Offe fordert zusätzlich eine „Verantwortlichkeit“ von Regierungen. „Unter dieser Verantwortlichkeit sind zwei Modi der Kommunikation zwischen Politik und Gesellschaft zu verstehen, die in der feinkörnigeren englischen Terminologie als »accountability« und »responsibility«, als passiver und aktiver Aspekt von Verantwortlichkeit unterschieden werden.“[17]

Unter »accountability«[18] versteht Offe die Befähigung der Bürger politische Entscheidungen „kognitiv zu erfassen, sie Akteuren zuzurechnen und im Falle abweichender Präferenzen diese Akteure zur Verantwortung zu ziehen“[19] Das Gegenteil ist die Dominanz einer Elite.

Unter »responsibility« [20] versteht Offe, dass die Regierenden die Verantwortung übernehmen für ihre Politik, also auch unpopuläre Lösungen durchzusetzen.
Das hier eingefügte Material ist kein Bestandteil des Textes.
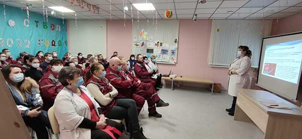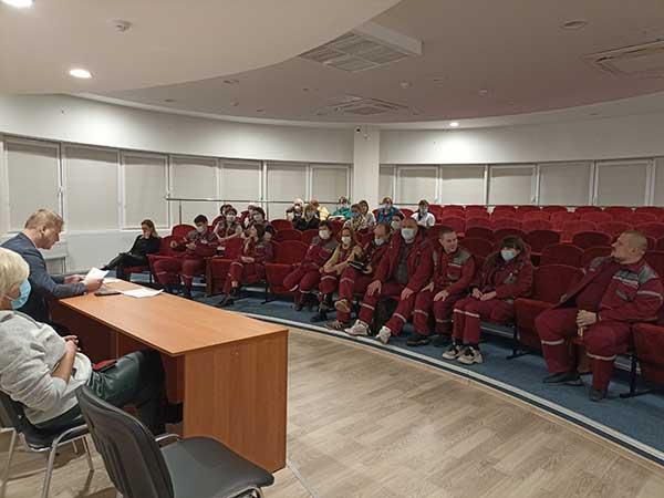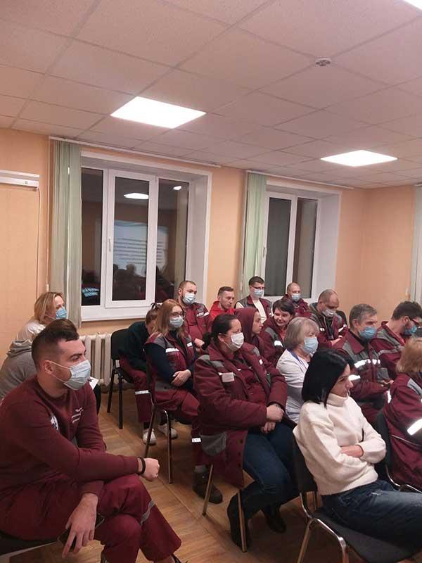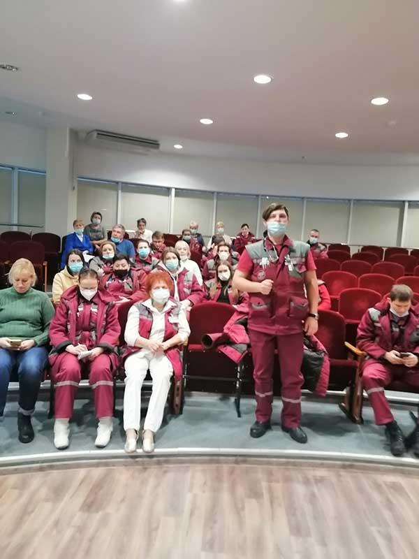 Перед трудовыми коллективами выступили главный врач Жинко А.Е., заместитель главного врача по организационно методической работе Воробей О.А., заведующие подстанциями скорой медицинской помощи, представители первичной организации профсоюза работников здравоохранения.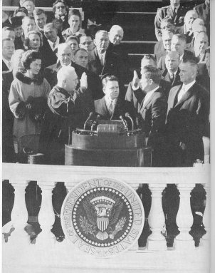 (nella foto: il Presisdente Kennedy durante la cerimonia di insediamento alla Casa Bianca, alle sue spalle il vice Presidente L. B. Johnson)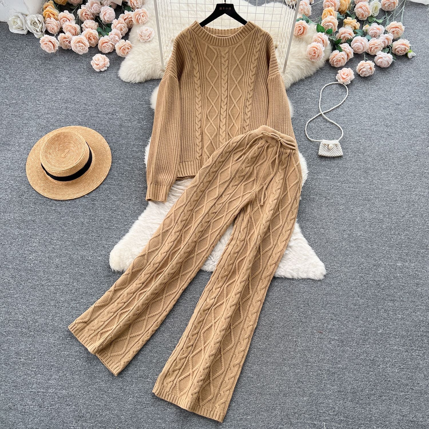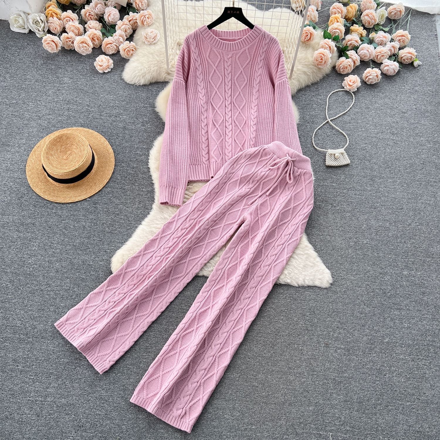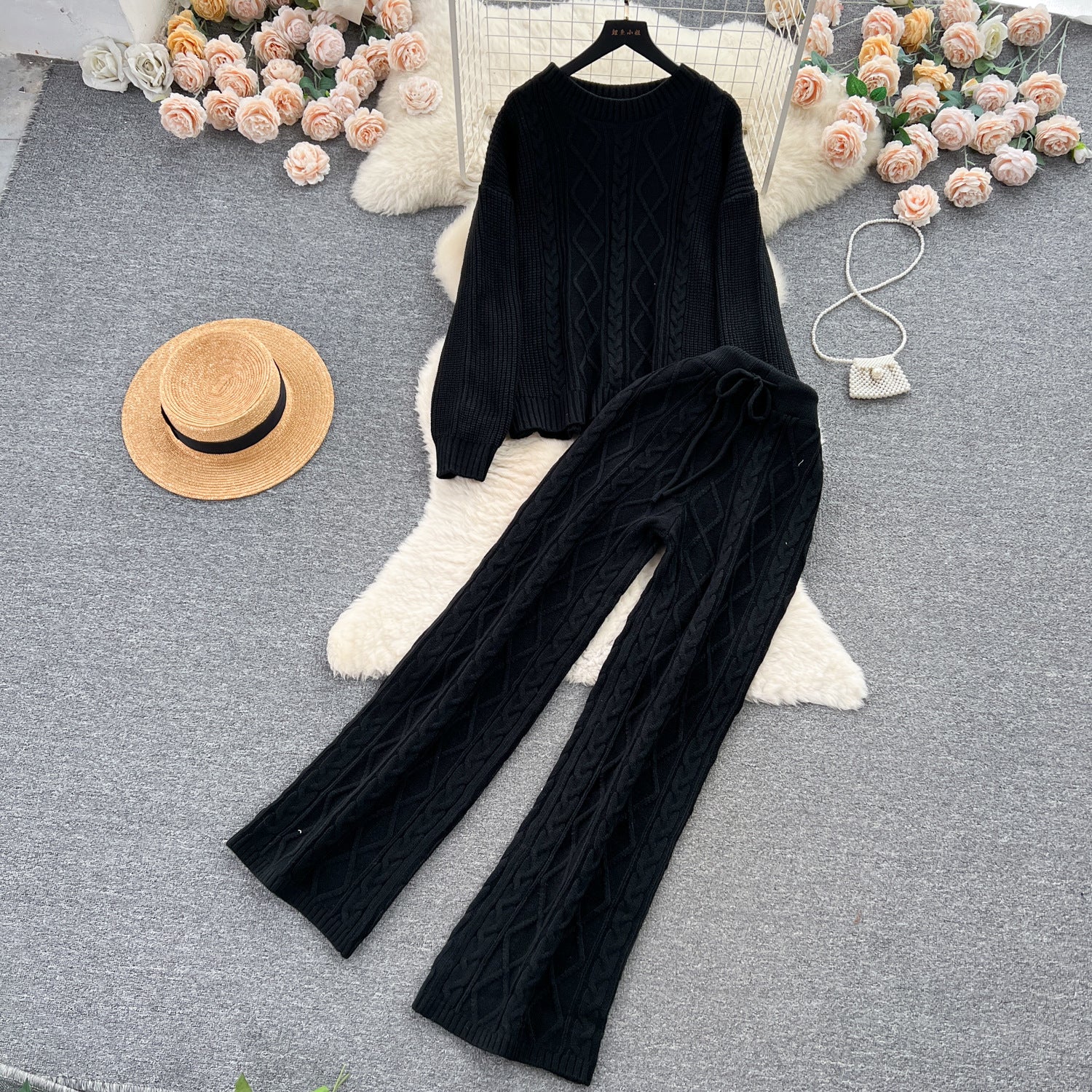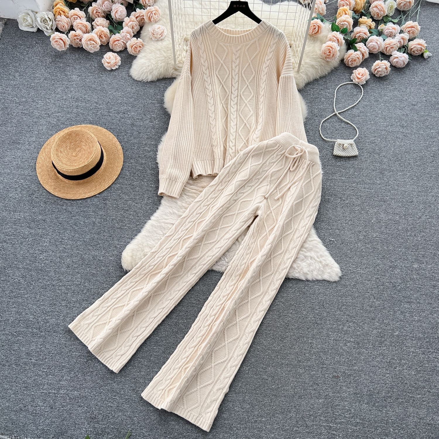 Fashion Suit Female French Gentle Wind Loose Jersey Sweater High Waist Thin Trousers Two-Set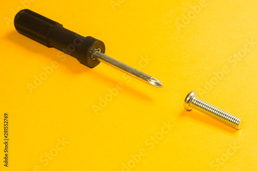 Screws and screwdriver on a yellow background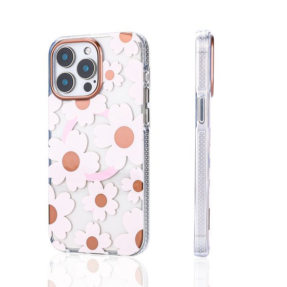 Ceponya iPhone 15 Pro Max Kılıf Magsafe Şarj Özellikli Papatya Desenli Kapak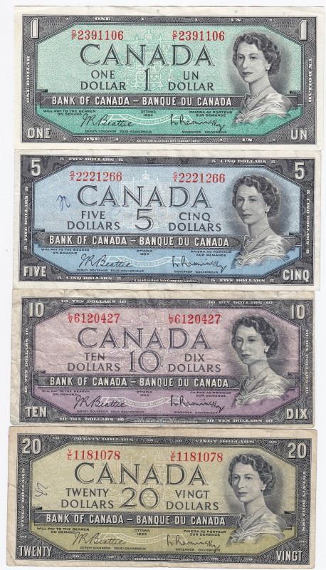 4 x 1954 Canada Bank Of Canada Notes, $1, $5, $10, $20

Das Gegenteil wäre »responsiveness«, ein verantwortungsloses, populistisches Regierungshandeln.

Die Lösung der obigen Probleme, und somit eine Demokratisierung der Demokratie, sieht Offe in einer „»bottom-up«-Kommunikation des Wählens und Abstimmens, die »laterale« Kommunikation zwischen repräsentativen Akteuren und die »top-down«-Kommunikation des verbindlichen, in die Form von Regierungsentscheidungen, Rechtsbefehlen und Verwaltungsanordnungen gekleideten hierarchischen Entscheidens.“[21]

Bei der »bottom-up«-Kommunikation setzt Offe auf eine Stärkung der Zivilgesellschaft und des bürgerlichen Engagements. Die »laterale« Kommunikation soll das Verhältnis zwischen Institutionen und den Kollektivakteuren (z.B. Parteimitgliedern) verbessern. Zum Beispiel durch eine Reform des Föderalismus oder einer Reform der Parteiensysteme. Die »top-down«-Kommunikation soll »an der Spitze von Entscheidungshierarchien« ansetzen und »die Stärkung autonomer, sachverständiger, langfristig amtierender und unparteiischer, zumindest für eine längere Zeitstrecke dem Parteienkonflikt enthobener Gremien«[22] vorsehen.

Demokratisierung des Wissens

Wissen ist im 21. Jahrhundert fast jedem sehr schnell zugänglich[23] und muss nicht mehr mühsam aus Bibliotheken zusammengesucht werden, deren Zugang auch nicht immer gegeben ist. Dank dem Internet, Web 2.0-Angeboten wie Wikipedia kann sich jeder Wissen aneignen. Hans-Ulrich Wehler merkt kritisch an, dass „die Bürger mit der Informationsflut nichts anfangen, wenn sie nicht gelernt haben, damit umzugehen. Sie müssen eine Auswahl treffen, interpretieren. Das setzt intellektuelle Fertigkeiten voraus, die mit dem technischen Zugang zu den Informationen nichts zu tun haben.“[24]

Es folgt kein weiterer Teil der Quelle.